We identified two variants previously associated with spherical equivalent in our study. All variants were located within the same genetic region (Chen et al., 2016; Kiefer et al., 2013; Solouki et al., 2010). One of them (rs634990) was genotyped on the exome array and the other (rs685352) was imputed. Both are on chromosome 15q14, 39 kb upstream from the 3′ end of the GJD2 gene. Mutations in the GJD2 gene have been repeatedly associated with refractive error and degenerative myopia (“GeneCards Human Genome Database,” 2017; Solouki et al., 2010). The imputed variant was initially significantly associated in a Dutch population-based study with replication in four independent cohorts with 15,608 individuals in the meta-analysis of all cohorts (Solouki et al., 2010). The effect in the meta-analysis was lower than in the current study, however, it showed some variation in the European cohorts included (−0.05 to 0.33) depending on the cohort. This range is consistent with the value obtained in this study adding reliability to our findings.
The same variant was also detected in a meta-analysis (n = 49,363) including 26,615 Caucasians (Verhoeven et al., 2012). Although the minor allele, MAF, adjusted covariates, and directions of effect presented for this variant are consistent between these two published studies, the magnitudes of effect are less consistent (Solouki et al., 2010; Verhoeven et al., 2012). In our case, we observed a larger effect compared to the meta-analysis presented by Verhoeven et al. However, that analysis included multiple cohorts across Europe and Asians with different characteristic regarding age, height, and sex with internal variability in the findings: the effect size of the discovery population was −0.20, −0.08 in the (larger) replication, and −0.11 in the Asian population.
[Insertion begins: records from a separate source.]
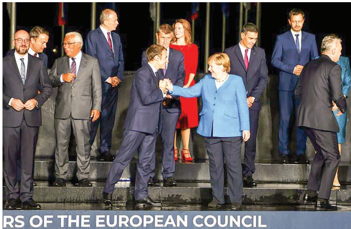
MEMBERS OF THE EUROPEAN COUNCIL

Bulgaria has since become the main obstacle to progress, refusing to let North Macedonia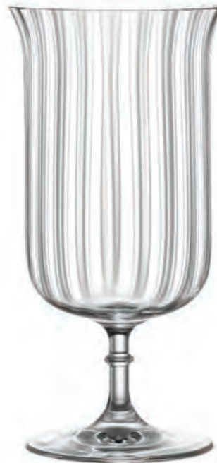
LS13DC12 ORIENT DECO Capacity 340 ml TD 77 mm FD 69 mm MD 77 mm H 160 mm CBM O.032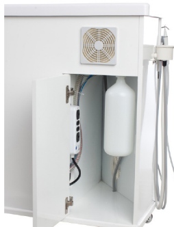
Rear compartment 4" W X 12"D X 20" H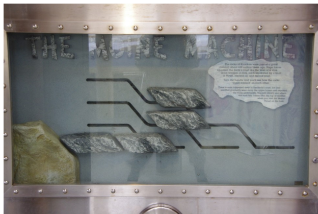
Moine Thrust Machine

Precambrian and then, in stages, forward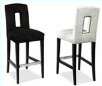
558 Window Back Barstool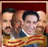
OKO GROUP-SLCE ARCHITECTS UNITY CONSTRUCTION GROUP MG ENGINEERING LUXURY DEVELOPMENT PROJECT OF THE YEAR THE CROWN BUILDING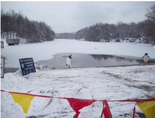
The icy waters of Crystal Lake for the CT Special Olympics Penguin Plunge

The studies would likely be more comparable if they were homogeneous cohorts, such as the BDES.
We did not replicate any previously associated variants with axial length in our study (Cheng et al., 2013; Fan et al., 2012). With a MAF of 0.3, the sample size, and mean axial length from our axial length sample, we calculated that we have 80% power to detect significant associations (at P < 0.01) only if effect sizes were ˃0.20. This effect size is larger than those reported in the current study; thus, we did not have sufficient power to detect associations with variants previously reported with axial length.
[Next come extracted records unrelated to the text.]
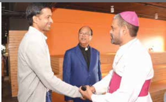
Smile is the universal Welcome.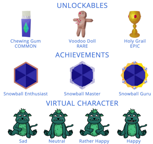
Figure 3: Visualizations of the score levels for Unlockables, Achievements and Virtual Character in Snowball Shooter.

is possible to use this input to predict Hexad user types. As such, Snowball Shooter provides some gamification elements that users can interact with (see Figure 1b): The user controls a snowball cannon and shoots snowballs at items representing each gamification element. These items are randomly positioned in each round. Shooting at an item increases the internal score of the corresponding gamification element. Similar to Cloud Clicker, the application consists of 15 rounds in which users may shoot five snowballs. It uses feedback sounds when shooting.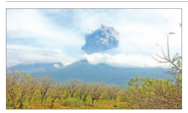
Mount Barujari, located inside Mount Rinjani volcano, is seen erupting from Bayan District, North Lombok, Indonesia, on 27 September 2016.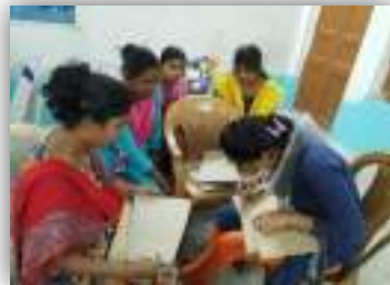
Volunteers making handcrafts: Figure-2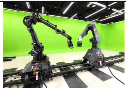
Busan Cinema Studios

In summary, we replicated variants within previously published genetic regions after increasing the coverage with imputed variants. The replicated variants were in high LD with associated variants genotyped on the exome array. This finding confirms these loci as etiologically relevant for the associated ocular traits. Further analysis of the replicated loci would potentially help to understand relevant biological mechanisms underlying these phenotypes.
ACKNOWLEDGMENTS
Research reported in this publication was supported by the National Eye Institute of the National Institutes of Health under grant award numbers R01EY021531, U10006594 and 1T32EI022303; and by the Research to Prevent Blindness Unrestricted Grant to the Department of Ophthalmology and Visual Sciences, University of Wisconsin. We acknowledge the editorial contributions of Nicole Thornton. The authors are grateful to the study participants and thank the staff and investigators of the Beaver Dam Eye Study.
CONFLICTS OF INTEREST
The authors declare no conflict of interest.